KES Chapel Reflection, Week of 20 February

Two vast and spacious things

The Book of Genesis is a rich theological text. It is foundational for the scriptural and philosophical traditions of Judaism and Christianity especially. It is not a scientific treatise nor a collection of fables and myths haphazardly thrown together. It is theology, a commentary on the overarching justice or righteousness of God in creation and human experience despite the repeated and constant failings of our humanity.
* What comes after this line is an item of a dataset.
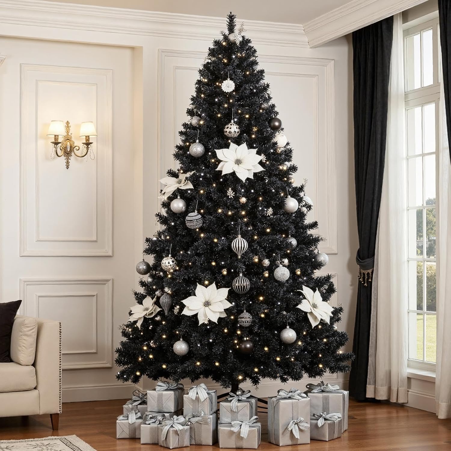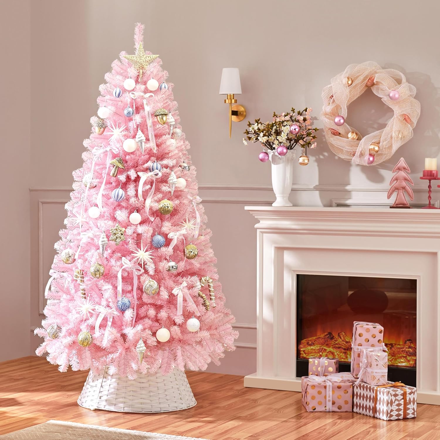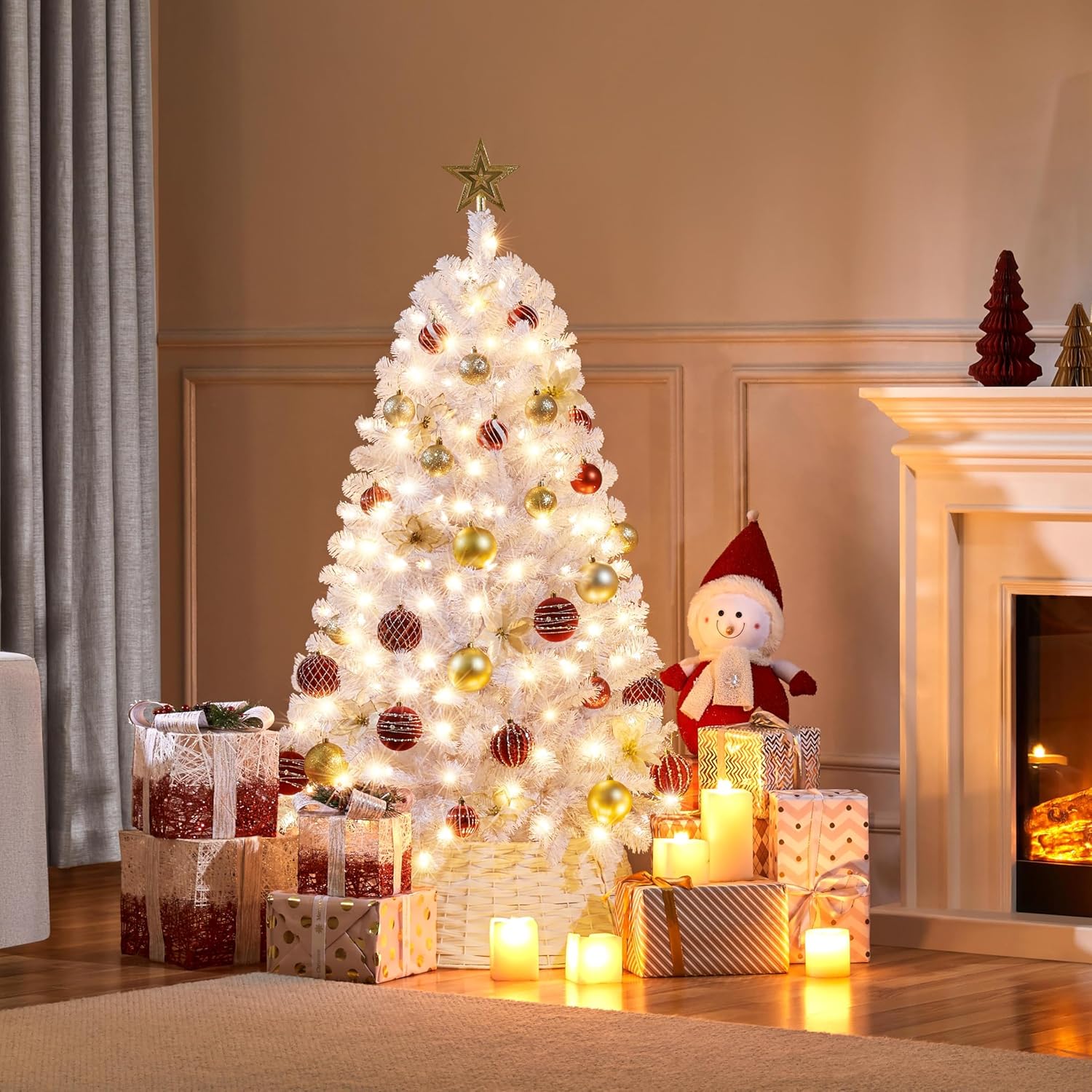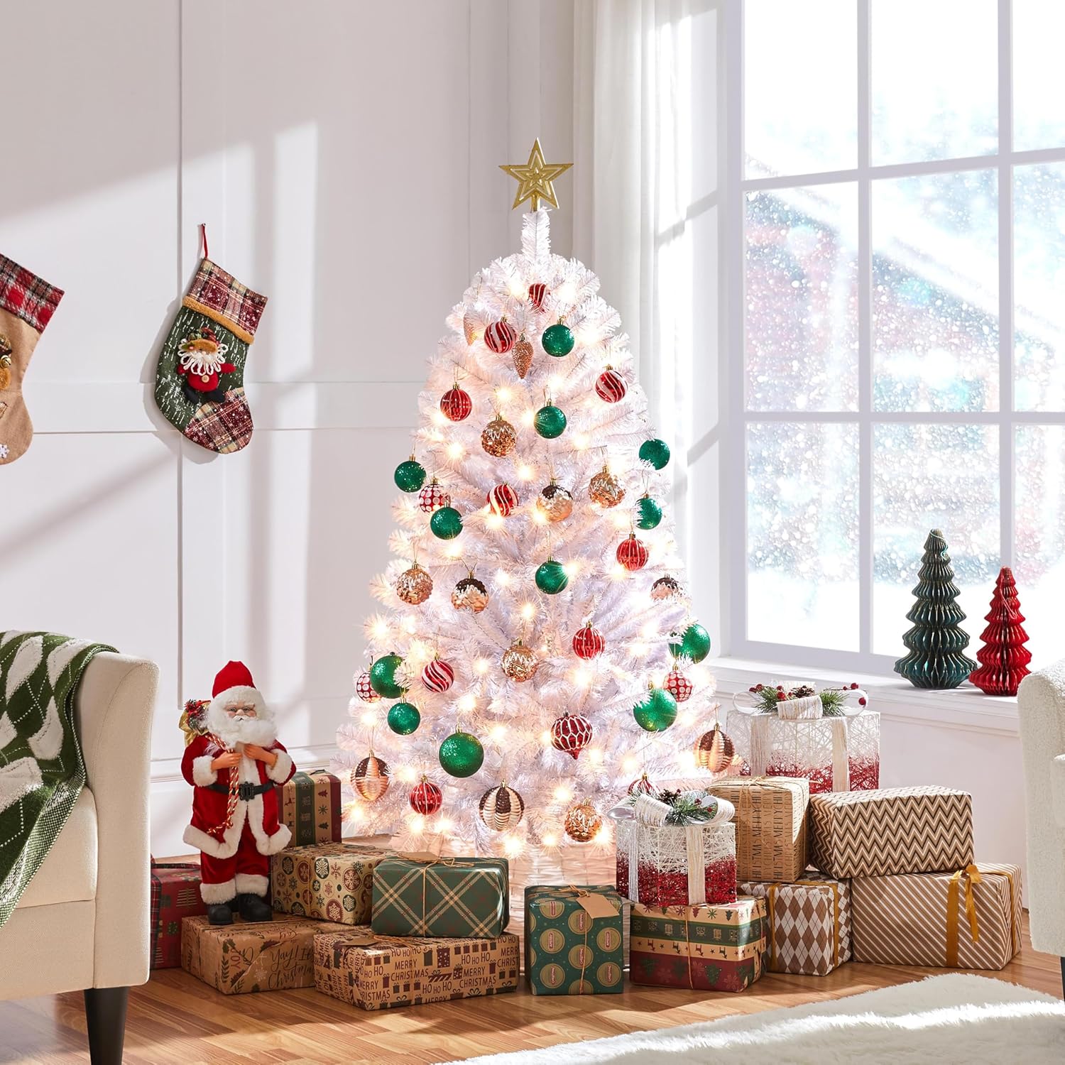- CLEAR WARM LIGHTS: Our Christmas tree has ample incandescent warm white lights so you do not need to add extra lights. Place this artificial tree in front of the house or the garden, and let it shine all night in the worth-celebrating festival

As the theologian and novelist Marilynne Robinson notes it is really “a theodicy, a meditation on the problem of evil” that “acknowledge[s] in a meaningful way the darkest aspects of the reality we experience” and undertakes to “reconcile them with the goodness of God and Being itself against which the darkness of our world stands out so sharply.”

Much of Genesis is the story of sibling rivalry, a story of brothers. There is the story of Abraham and Lot, the story of Isaac and Ishmael, of the sisters Leah and Rachel, of Jacob and Esau, all of which ultimately culminate in the story of Joseph and his brothers. The tensions and divisions that these stories present are the setting through which God’s goodness and will, his purpose and patience, are glimpsed and known. It is all the grace of providence at work in and through our sins and failings. The first story after the fall of our humanity from Paradise is the story of Cain and Abel, the first murder. The last story of Joseph and his brothers, so beautifully and movingly told, is about forgiveness and reconciliation. Ultimately, it is the overcoming of the resentments and envy, and even violence that are so often a feature of sibling rivalry.

Joseph is the youngest son and the so-called favourite of his father, Jacob, of which the coat given to him by his father is the constant reminder, it seems. This excites the hatred of his brothers towards him especially when he tells them his dreams which they think proclaim his superiority over his older brothers. They conspire to kill him and throw him into one of the pits in the wilderness near Shechem and to tell their father that a wild beast has devoured him. Only Reuben intervenes to prevent them from killing him, planning to “rescue him out of their hand, to restore him to his father,” as the text puts it.

Joseph is left in an empty and waterless pit only to be found by Midianite traders who sell him to the Ishmaelites, in one version, or to an Egyptian officer of Pharaoh, Potiphar, in another. In any event, he is not killed but instead rises to prominence in Egypt through an intriguing set of events related again to his dreams which are really about prophetic insight.